Let $q$ be a prime number, and let $k$ be an integer.
THE PROBLEM
Does the function $$f(q,k) = \frac{2(q - 1)(q^k + 1)}{q^{k+1} + q - 1}$$ have a global minimum, if $q \geq 5$ and $k \geq 1$?
MY ATTEMPT
I tried asking WolframAlpha, it was unable to find a global minimum for $f(q,k)$ in the domain $q \geq 5$ and $k \geq 1$.

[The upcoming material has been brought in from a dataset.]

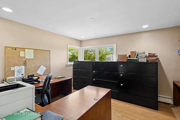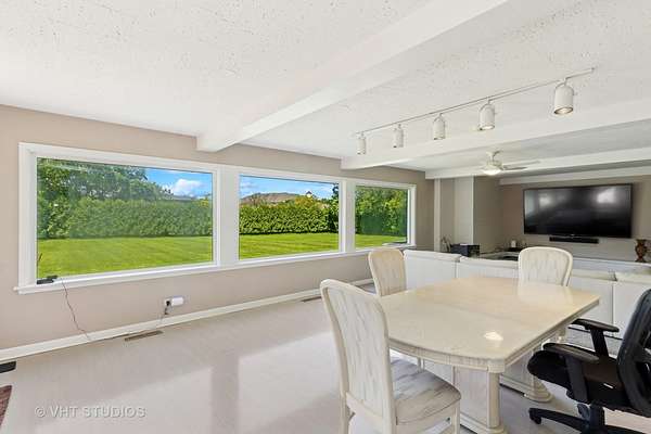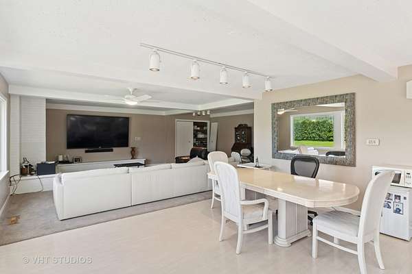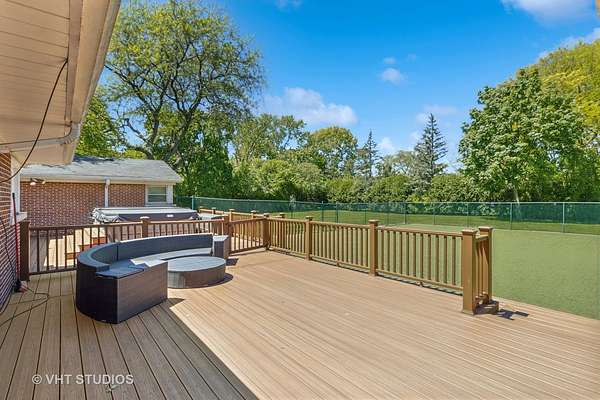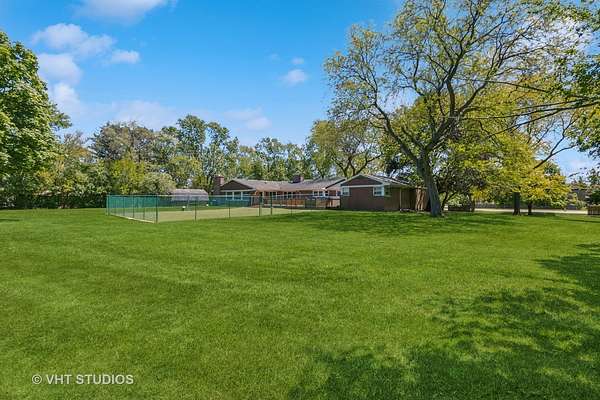 Tucked away on nearly 2 acres of peaceful, partially fenced land in Northbrook, this spacious 3 bedroom, 2.5 bathroom brick ranch offers space and comfort in a serene setting! Set far back from Willow Road, the home welcomes you with a sun-filled layout featuring a modern all-white kitchen with granite countertops and sleek black hardware. The massive primary suite includes a walk-in closet, an attached dressing room and a steam shower in the primary bathroom. Zoned heating for added comfort. Incredibly large deck overlooks the expansive yard for endless outdoor enjoyment with a unique fenced 80x40 area with Star Pro Greens Astro Turf which is easy to clean and phenomenal for dogs. A rare opportunity for space and tranquility, just minutes from town conveniences!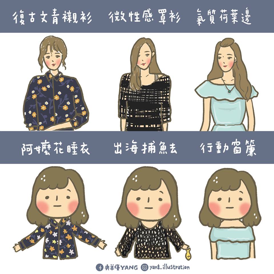 女生有時候會不會覺得自己的臉比其他人大,因此不管什麼造型或髮型等等,和別人比起來就是會差很多?就有位可愛的圖文插畫家「羊」在臉書粉絲團《央羊癢YANG》上,分享了一系列「大臉的各種時尚」,畫出女神跟一般女孩實際上的差異,真的是會讓小編這種普妹看完後笑中帶點哀傷的淚阿!

I then computed the partial derivatives (still using WolframAlpha):
Partial derivative with respect to $q$ $$\frac{\partial}{\partial q} f(q,k) = \frac{2q^{k-1}\bigg(q^{k+1} - k(q - 1) + q\bigg)}{\bigg(q^{k+1} + q - 1\bigg)^2} > 0$$
Partial derivative with respect to $k$ $$\frac{\partial}{\partial k} f(q,k) = -\frac{2(q-1){q^k}\log(q)}{\bigg(q^{k+1} + q - 1\bigg)^2} < 0.$$
Does this mean that we can have (say) $$f(q,k) \geq f(5,1) = \frac{48}{29} \approx 1.65517?$$
$$\frac{2}{f(q,k)}=\frac{q^{k+1}+q-1}{(q-1)(q^k+1)}=1+\frac{1}{q-1}\left(1-\frac{1}{q^k+1}\right)$$ is strictly increasing in $k$, so it can't have a global maximum, hence $f(q,k)$ can't have a global minimum.